Совершенно очевидно, что основной заботой правительств была защита и поощрение интересов тех корпораций и учреждений, чье усердие и продуктивный потенциал приносили наибольшую пользу. Все это отнюдь не означало, что уничтожались традиционные социальные иерархии и структуры; дело обстояло совсем наоборот. Однако результатом этого стало стремление того или иного правительства стимулировать и поощрять тех членов общества, чья деятельность отвечала главным государственным интересам, понимавшимся с описанной мною выше точки зрения. Государство выступало в качестве арбитра, то есть защитника традиционно полезных учреждений и в качестве покровителя новых интересов. Камералистские меры по поддержанию порядка и меркантилистская экономическая политика преследовали совершенно одинаковые цели. То, что крестьянство от всего этого только страдало, имело своей причиной не столько стремление правителя защитить и умиротворить «феодальные интересы», сколько основанное на обширном опыте убеждение, что производственный потенциал крестьянина крайне ограничен и что ограниченность эта в первую очередь зависела не от его положения[20]. Считалось, что достаточно было обеспечивать его безопасность и оказывать ему помощь в случаях крайней нужды. Именно поэтому на раннем этапе регламентировавшие сельскохозяйственную деятельность и сельскую жизнь законы и предписания носили ограниченный масштаб. Лишь во второй половине XVIII столетия, когда стало ясно, что сельское хозяйство также имеет потенциал для динамичного роста, было разработано более активное законодательство, направленное на ускорение процесса модернизации сельской жизни и сельского хозяйства[21]. Мы можем сделать парадоксальный вывод, что возникновение классов (в марксистском смысле этого слова: как групп, определяемых не их социальным статусом и общественной функцией, а их ролью и интересами их членов по отношению к господствующему способу производства) было результатом процесса поощрения и стимулирования, который осуществлялся посредством инициатив со стороны высокоорганизованного полицейского государства (Polizeistaat).
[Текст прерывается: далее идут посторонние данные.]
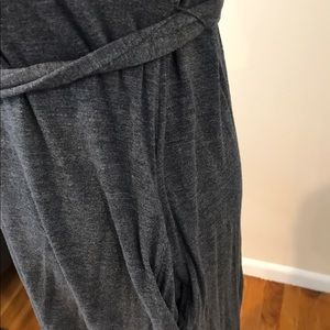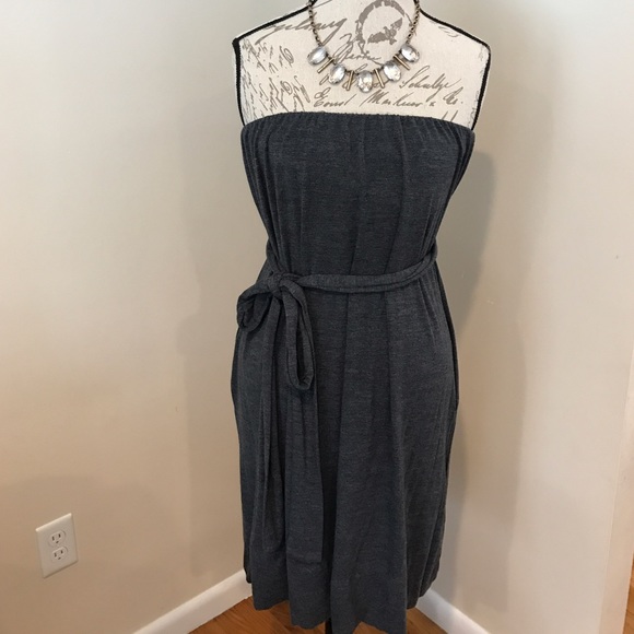 Charcoal gray strapless, tie belt, pockets. Excellent used condition.

Вмешиваясь в ежедневную деятельность своих подданных и стимулируя максимальное использование всех ресурсов и всех видов творческой энергии, абсолютистское государство подрывало сословную систему, на которую оно на практике часто опиралось, и способствовало динамике модернизации и образованию классов.
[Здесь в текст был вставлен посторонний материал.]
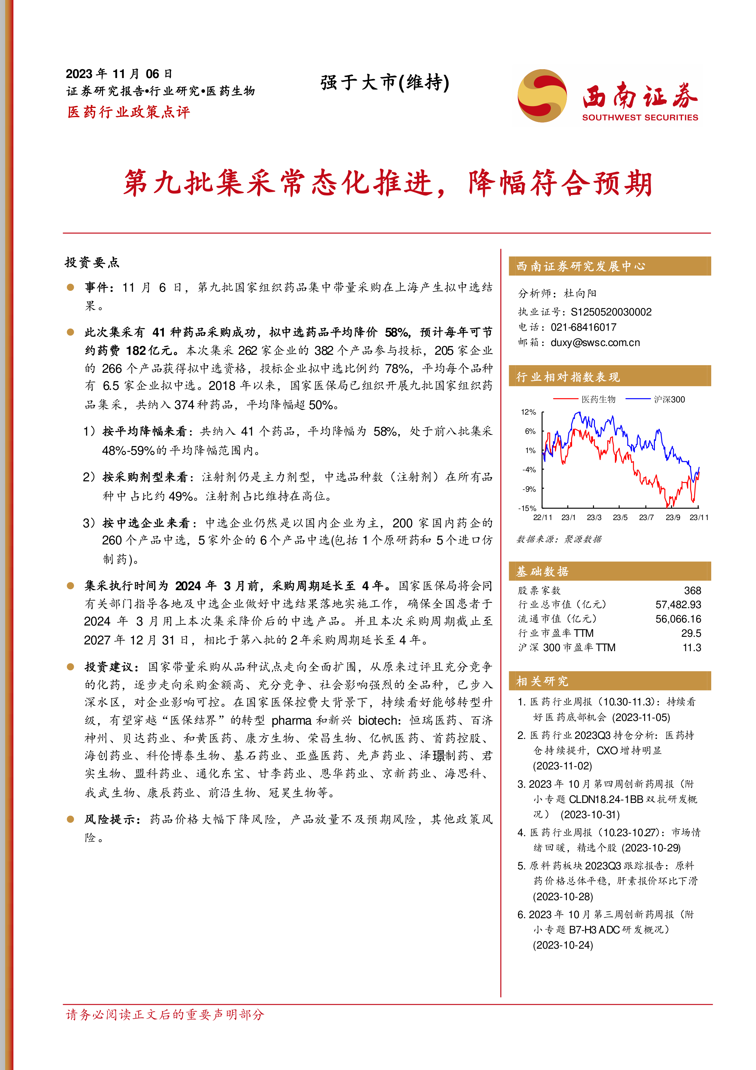 本报告分析了第九批国家组织药品集中带量采购的结果,指出其平均降幅符合预期,并强调了集采常态化对行业的影响。报告维持对医药生物行业的“强于大市”评级,并建议关注转型 pharma 和新兴 biotech 领域中的优质企业。同时,报告也提示了药品价格下降、产品放量不及预期以及其他政策风险。

В центре этой системы лежало глубокое противоречие между ее фундаментальными целями и задачами, с одной стороны, и используемыми ею средствами – с другой. Во-первых, двусмысленно было соотношение между тем местом, которое занимал индивидуум, и тем местом, которое занимала общественная группа. Совершенно очевидно, что рационалистическое и механистическое мировоззрение предполагало, что руководство должно быть сосредоточено в руках одной личности – правителя-индивидуала[22]. То, что предпочтение отдавалось индивидууму, подразумевал и сам принцип максимального использования всех форм творческого потенциала, ибо формы эти являлись результатом творческих усилий индивидуумов в соответствующих сферах деятельности. С другой стороны, опора на уже существовавшие корпорации, сословия и институты, на обеспечивавших их деятельность должностных лиц, а также вера в гармоничное взаимодействие и функционирование нескольких сословий в рамках совокупной общественной экономики подразумевает подчинение интересов и целей индивидуума групповым интересам. Это означает, что упор делается на обязанности индивидуума, а не на его права; как следствие, индивидуум ставится на более низкую ступень по отношению к обществу, олицетворяемому правителем или реализованному в виде государства[23]. С легкостью оправдывая самопожертвования ради общего блага, такая точка зрения также может подавлять тех индивидуалов и те эгоистичные устремления, которые зачастую стоят у истоков многих творческих нововведений и вносят важный вклад в дело умножения материального и духовного богатства общества.
Во-вторых, существует неотъемлемое противоречие в самом феномене поощрения и развития индивидуального творчества посредством централизованных и направленных мер контроля. Считалось, что такой dirigisme должен помочь достичь высшей точки творческой активности и в то же самое время поставить ее на службу новаторства и динамичного общественного прогресса. Но этого не могло произойти – особенно ввиду настойчивого требования всеобщего следования религиозным нормам и социокультурного конформизма. Опять же данный подход оказался особенно ограничивающим возможности людей в мелких германских государствах, хотя его катастрофические последствия стали совершенно очевидны и во Франции, когда Людовик XIV установил режим религиозного единообразия, отменив Нантский эдикт, и в России, где практиковались преследования старообрядцев[24].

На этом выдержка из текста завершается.